In 2006 the headland appeared in the film Half Light, starring Demi Moore - a thriller ostensibly set in Scotland but shot at Llanbadrig because the location did the Scottish coast better than the actual one. The Welsh placename Llyn Padrig (Patrick's Lake) survives inland near Aberffraw, along with Rhosbadrig farm and a medieval site called Tref Was Padrig, 'township of Patrick's servant.' The pattern suggests an old cult of the saint dispersed across the island. Henry Stanley himself was buried on his estate at Alderley in unconsecrated ground, with an Islamic service led by the imam of the Ottoman Embassy in London. His chapel at Llanbadrig remains - a Grade II*-listed parish church whose blue Islamic-inspired tiles around the sanctuary still draw the curious.

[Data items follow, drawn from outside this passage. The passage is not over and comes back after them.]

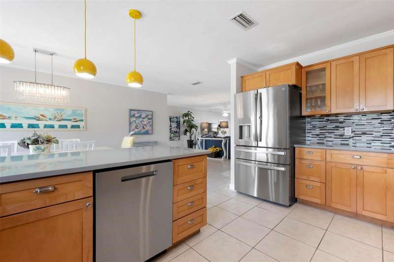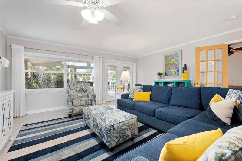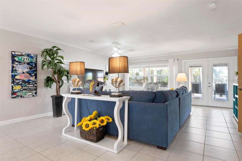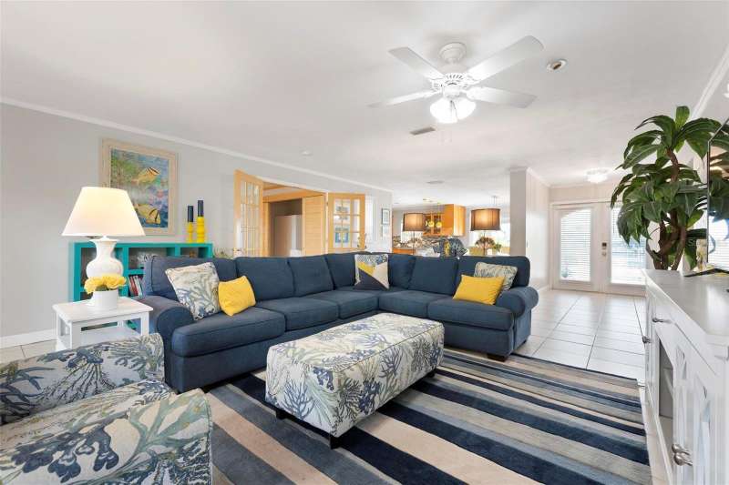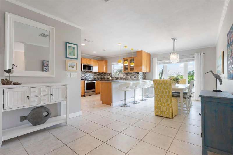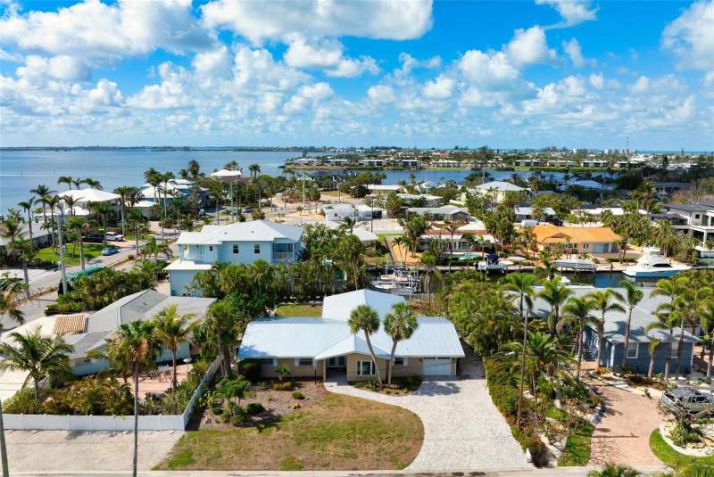 NEW METAL ROOF installed in 2025. Welcome to this lovely canal-front, turnkey furnished residence located in the exceptional Key Royale community, Anna Maria Island's premier neighborhood for boating and golf enthusiasts. This versatile 4-bedroom, 2-bath home is thoughtfully designed for relaxed coastal living, with the 4th bedroom currently serving as a bonus space, perfect for a home office, den, or guest room. Enjoy southern exposure and water views from nearly every room, including a spacious open-concept kitchen and dining area that overlooks the tranquil canal at the front of the home. The kitchen features solid wood cabinetry, quartz countertops, and new stainless-steel appliances, blending functionality with coastal elegance. Step outside to a large covered patio, ideal for entertaining family and friends or simply relaxing by the water. Situated on nearly a 10,000 sq ft lot, the home offers seamless indoor-outdoor flow, with a total of 2,826 square feet under the brand-new metal roof, designed for both comfort and versatility. Boaters will appreciate the private dock with a boat lift, offering quick access to Tampa Bay and the Gulf of Mexico. Whether you're seeking a primary residence or a second home getaway, this property delivers the perfect blend of lifestyle and location. Don't miss your chance to own in one of Anna Maria Island's most sought-after communities, schedule your private showing today! 3D walkthrough and floor plan available upon request.
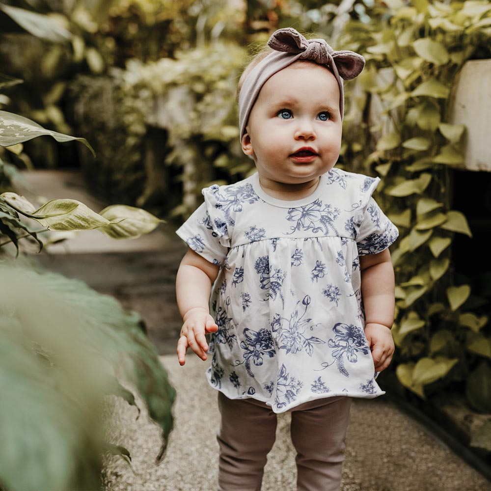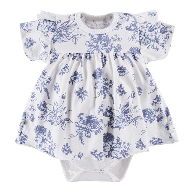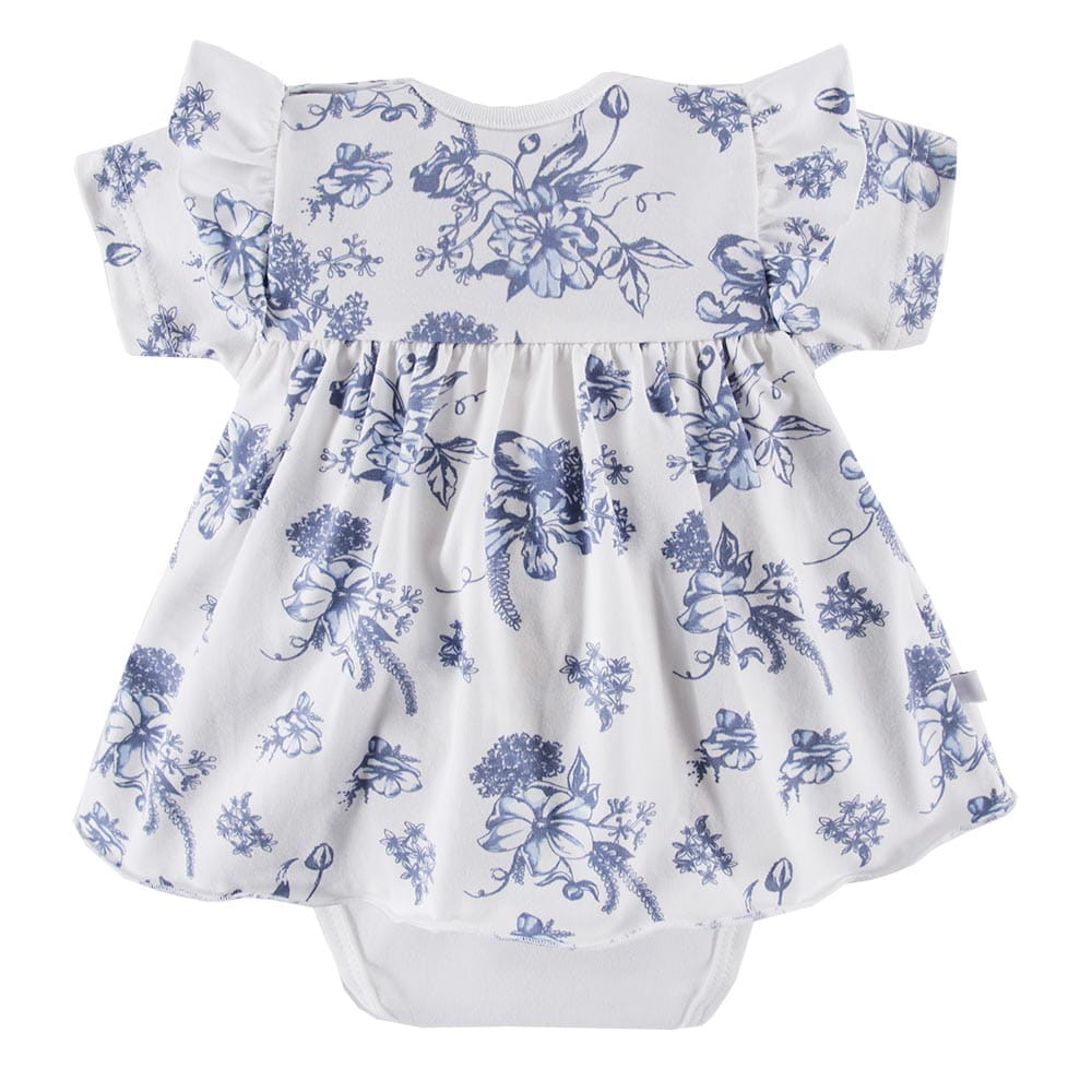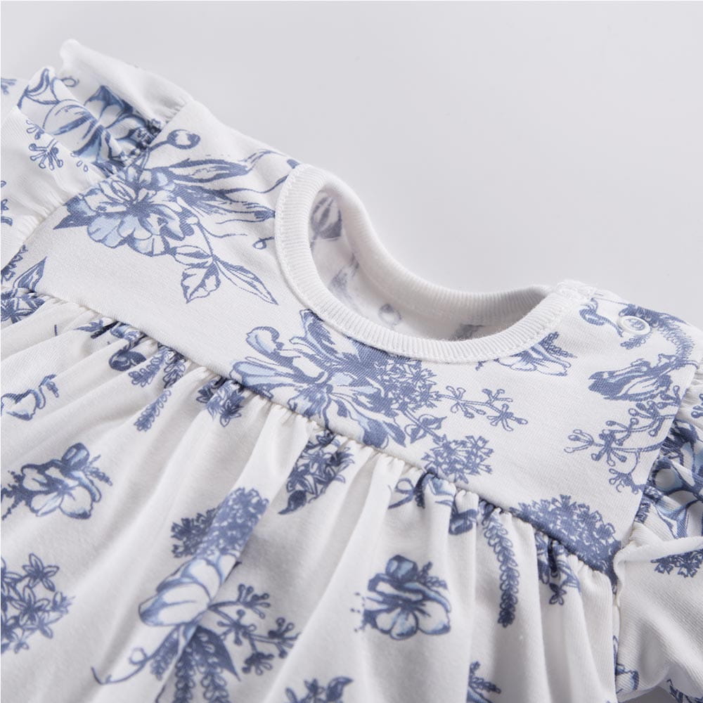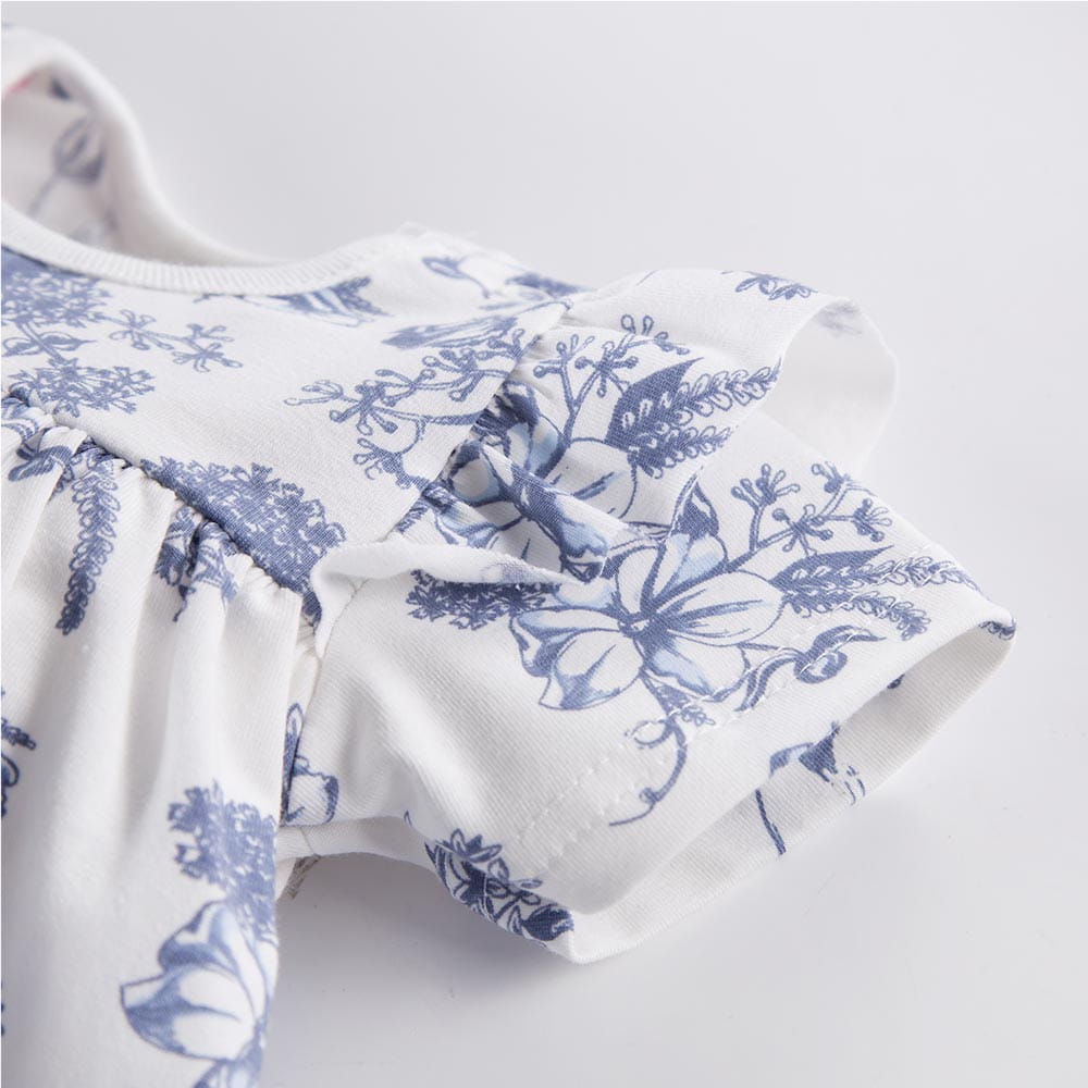 Weißes Mädchen-Body-Tunika mit blauen Blümchen
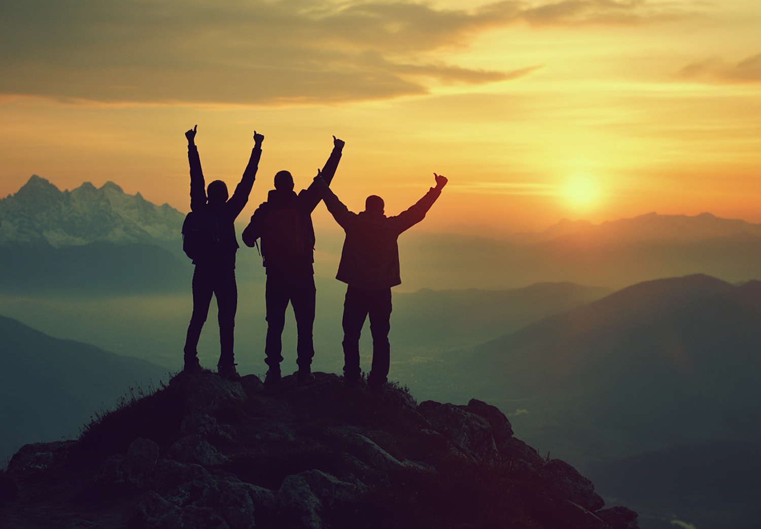 Three silhouetted hikers celebrate on a mountain peak at sunset, with vibrant orange skies and distant misty mountains.
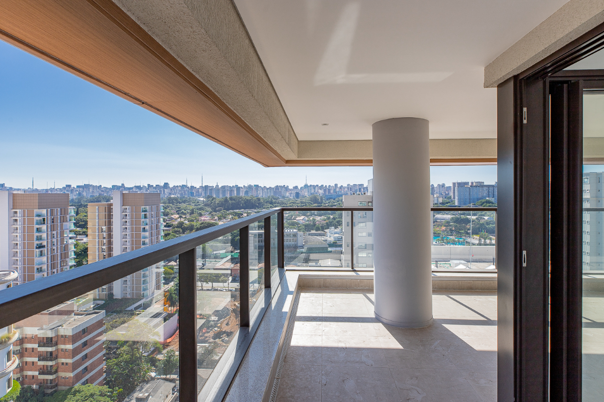 Com 203m², vista para o parque Ibirapuera, com 3 suítes, banheiros sr e sra, sala ampla para dois ambientes, varanda gourmet, lavabo, copa, cozinha, área de serviço, armários embutidos com excelente acabamento, banheiros em mármores, piso de madeira taco, em área de circulação interna (social/serviço, quartos e living); varanda fechada com estante, balcão de ár...

Cemaes pronounces 'Kem-ice,' and the locals are used to explaining both the saint and the convert.

From the Air

Llanbadrig parish and church at 53.41 N, 4.44 W, on the north coast of Anglesey. From cruising altitude the headland is visible as the most northerly point of Wales, with the small offshore rock of Middle Mouse (Ynys Badrig) just to the north - the closest land feature on the approach from the Irish Sea. The white-painted Cemaes village lies in the bay to the west. Nearest airports: Anglesey/Valley (EGOV) 11 nm south-west, Caernarfon (EGCK) 18 nm south. The coast here is among the most exposed in the British Isles; weather changes quickly with Atlantic fronts. The Wylfa nuclear power station's distinctive twin reactor buildings sit on the coastline immediately east of Cemaes, providing an unmistakable navigation landmark.